Author: Paul Hunneyball

Notes

  • 1. OR; Harg. 311, f. 219v.
  • 2. C. Henderson et al., Cornish Church Guide, 203-5; J. Hatcher, Rural Economy and Soc. in the Duchy of Cornw. 22, 161; Early Tours in Devon and Cornw. ed. R. Pearse Chope, 13.
  • 3. J. Maclean, Hist. of Trigg Minor, iii. 205-6, 209; HP Commons, 1509-58, i. 48; C219/35/1/167; 219/37/40; 219/38/28; 219/39/24.
  • 4. HP Commons, 1558-1603, i. 124; E179/88/265; Maclean, iii. 217; C142/519/94; Vivian, Vis. Devon, 603.
  • 5. Maclean, iii. 245; J. Collinson, Hist. and Antiqs. of Som. i. 128; SP14/48/116; C219/35/1/153; Ath.
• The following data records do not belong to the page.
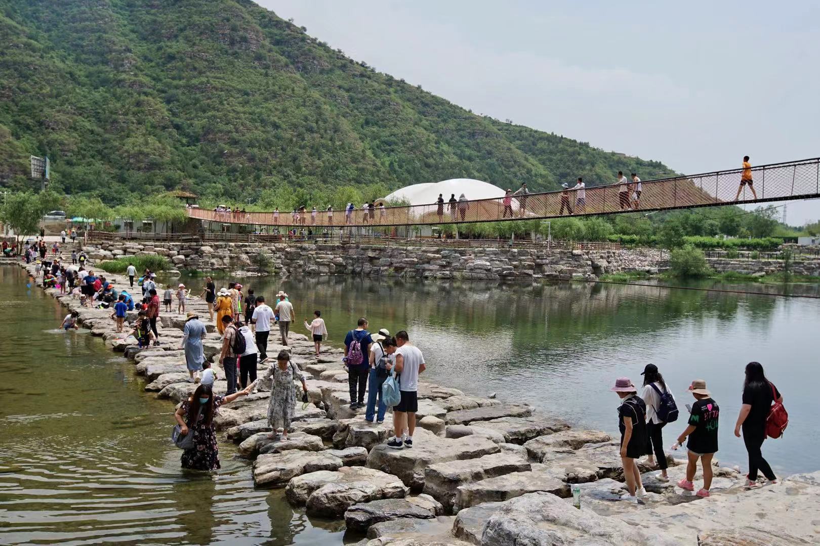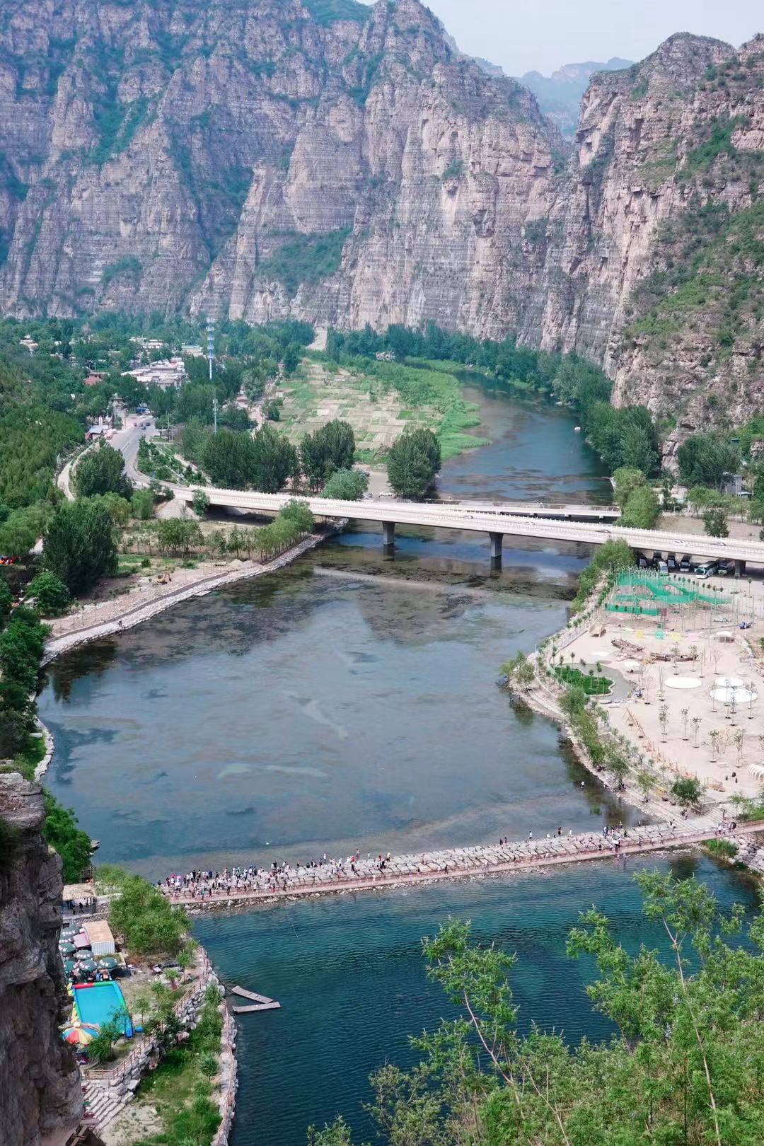 30多摄氏度的天气,没什么比玩水更能感受凉爽的了。刚进乐谷银滩不远,就是拒马河,横跨河面之上的石桥已经不再是一条进入景区的通道了——这里如今已经成了嬉水乐园。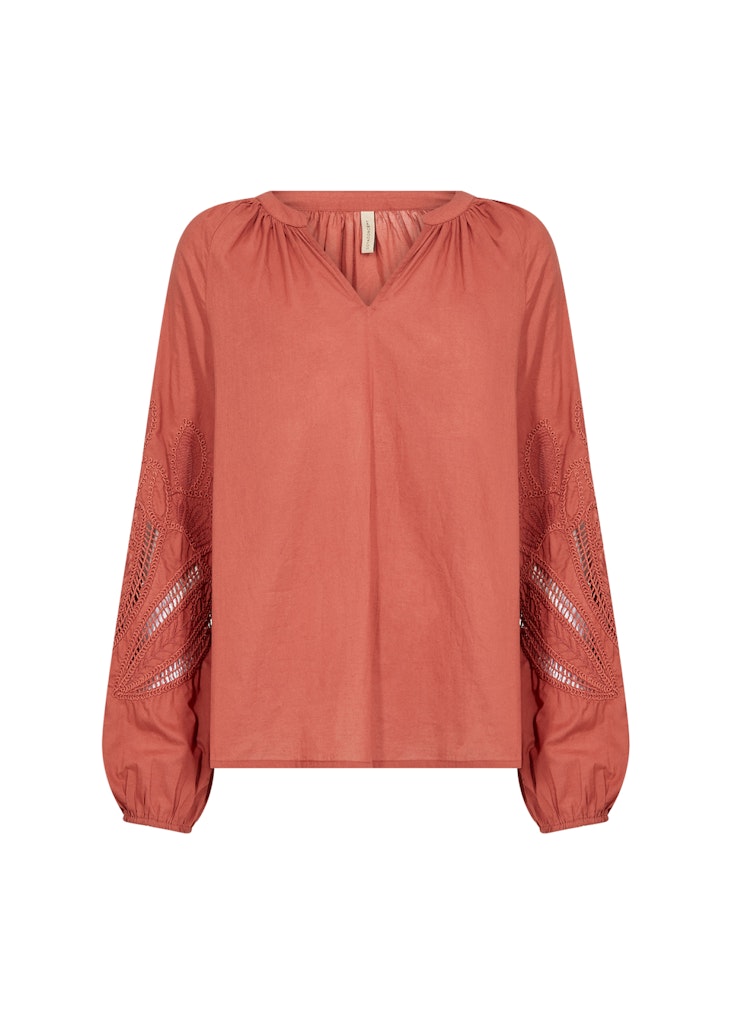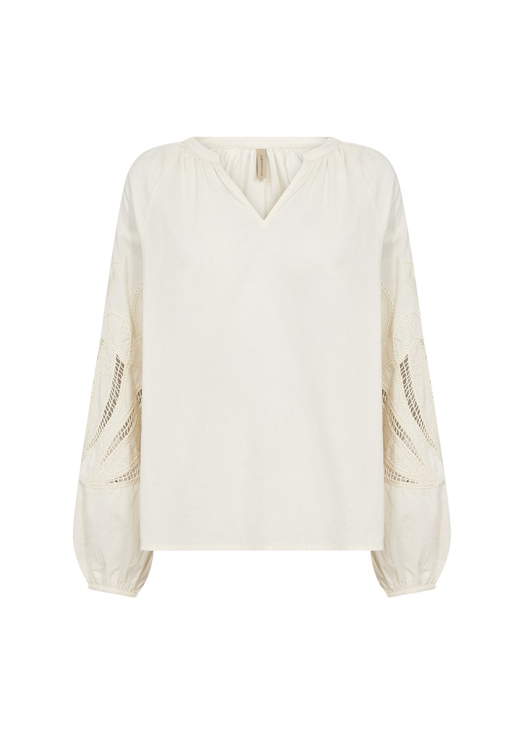 Blouse van Soya Concept met een V-hals en lange pofmouwen voorzien van opengewerkte, geborduurde details. Materiaal: Katoen 100%
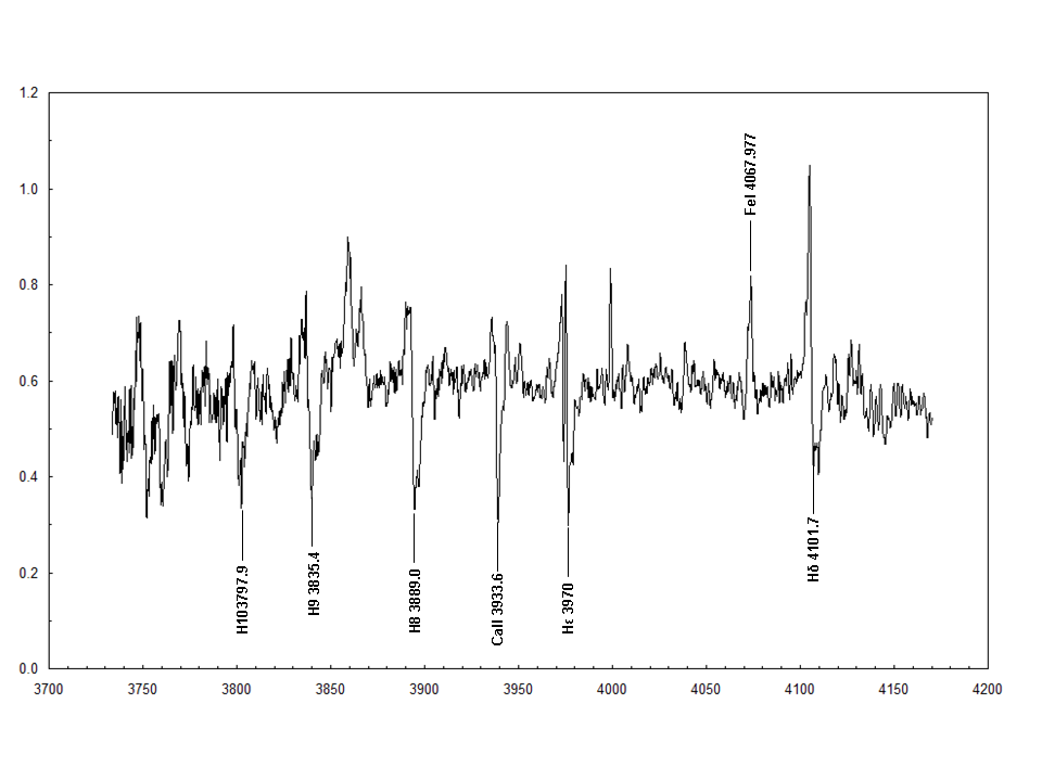 An attempt to capture the near-UV spectral region around Calcium H and K lines with R~4000 on 27.863 aug 2015. In this region the spectrum should be dominated by the hot companion. I don't understand if what appears to be emission lines is actually the continuum between absorption lines... This appears to be the case of space between Ca II H (3968.5A) and H-epsilon (3970.1A).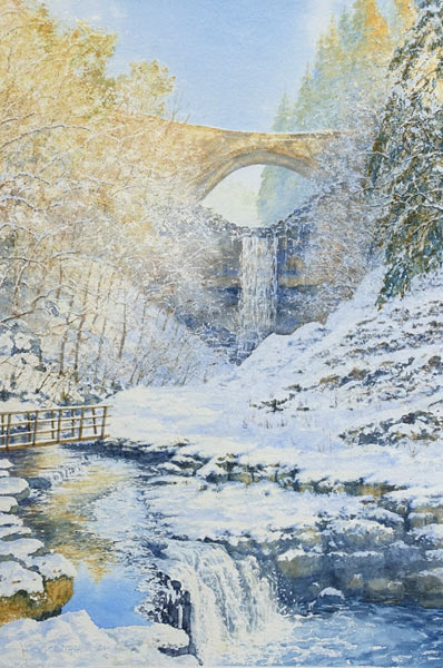 Ashgill Force, our North Pennines beauty spot on the perfect sunny winter’s day. Watercolour on paper 30 x 45cm. SOLD.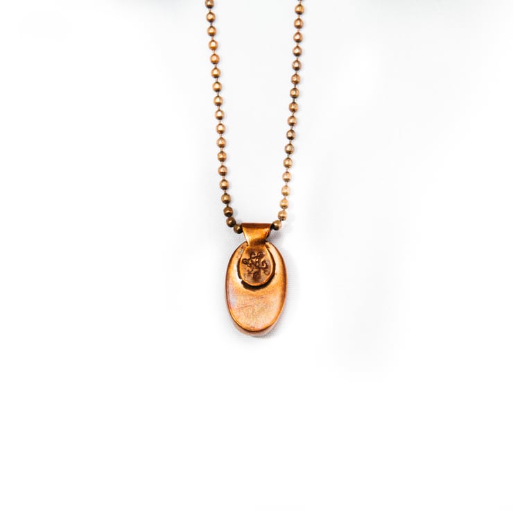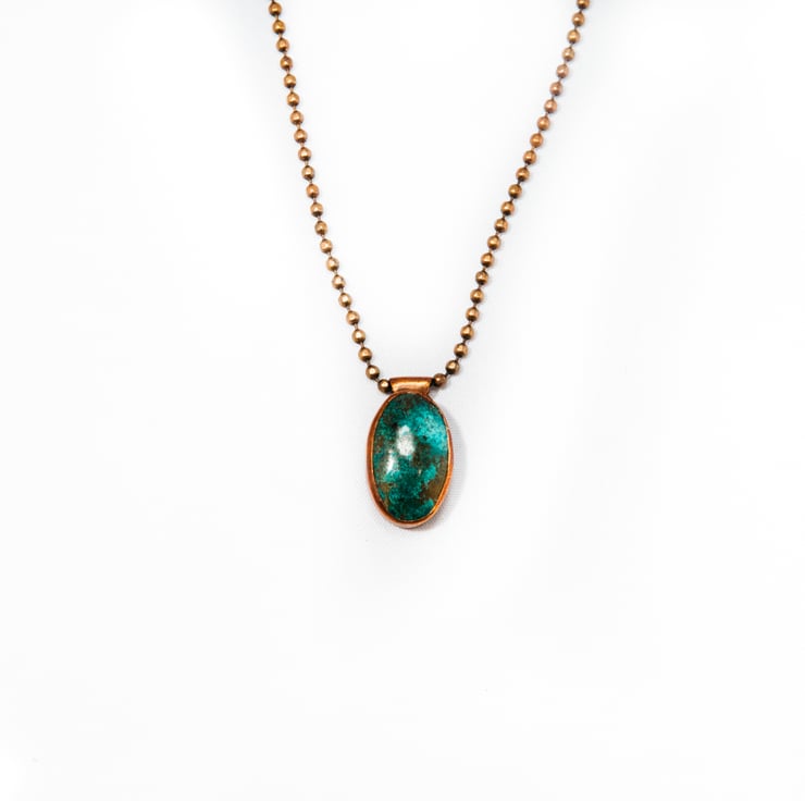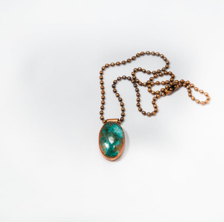 Peruvian turquoise (chrysocolla) set in antique copper with an antiqued copper ball chain. The stone blends subtle blue, green and brown hues.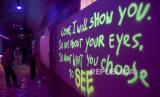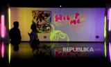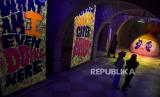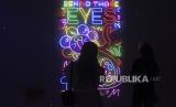 Pengunjung mengamati karya seni rupa pada pameran Redmiller Experience Behind Those Eyes di Grey Art Gallery, Braga, Kota Bandung, Jawa Barat, Rabu (7/6/2023). Pameran seni rupa, lukisan dan instalasi neon karya seniman multidisiplin Peter Rhian Gunawan tersebut mengusung tema tentang ungkapan perasaan untuk memahami diri sendiri melalui warna serta bentuk. (FOTO : ABDAN SYAKURA/REPUBLIKA)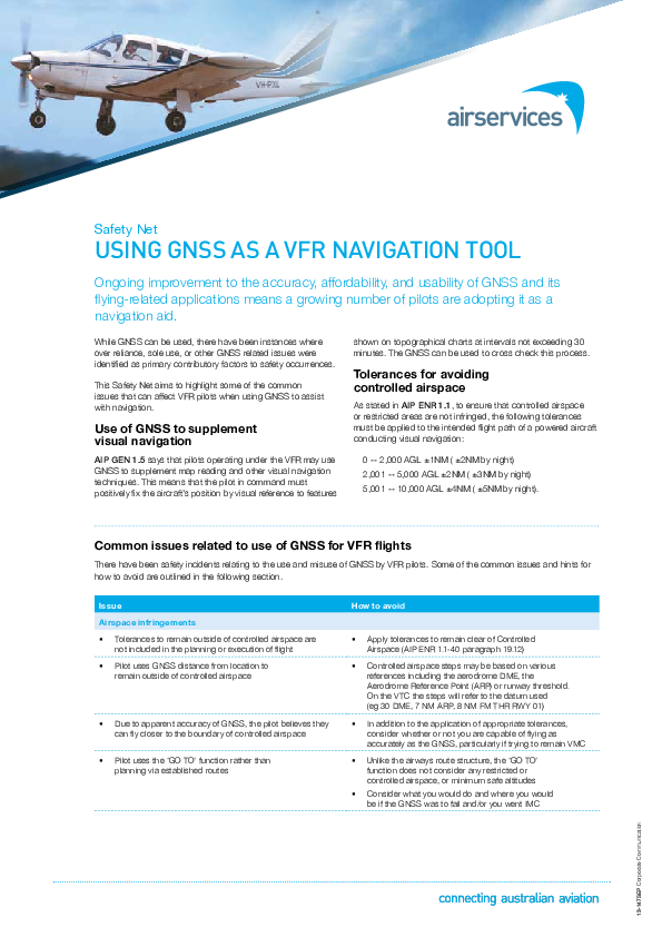 Concise guide by AirServices Australia on using GNSS as a VFR navigation tool. The guide is cross referenced to the Australian AIP.

Ox. ii. 522.
  • 6. C142/519/94; Vivian, Vis. Cornw. 217, 397.
  • 7. C142/403/65; Maclean, iii. 247.
  • 8. SP46/73, f. 150. Bossiney is referred to in this letter as Tintagel.
  • 9. F.E. Halliday, Richard Carew of Antony, 219; C181/3, ff. 136v-7; E179/88/265; SP14/138/116.
  • 10. Maclean, ii. 90; C142/366/188.
  • 11. Vivian, Vis. Devon, 618-21, 707; Vivian, Vis. Cornw. 142.
  • 12. C219/39/24; 219/40/265; 219/41B/138. Manaton’s indenture is lost.
  • 13. DCO, ‘Letters and Patents, 1620-1’, f. 39v; ‘Prince Chas. in Spain’, f. 33r-v; CJ, i. 531a; C219/38/29; Maclean, iii. 203.
  • 14. Vivian, Vis. Cornw. 32; CSP Dom. 1625-6, p. 2; Procs. 1626, i. 469; SP16/23/118.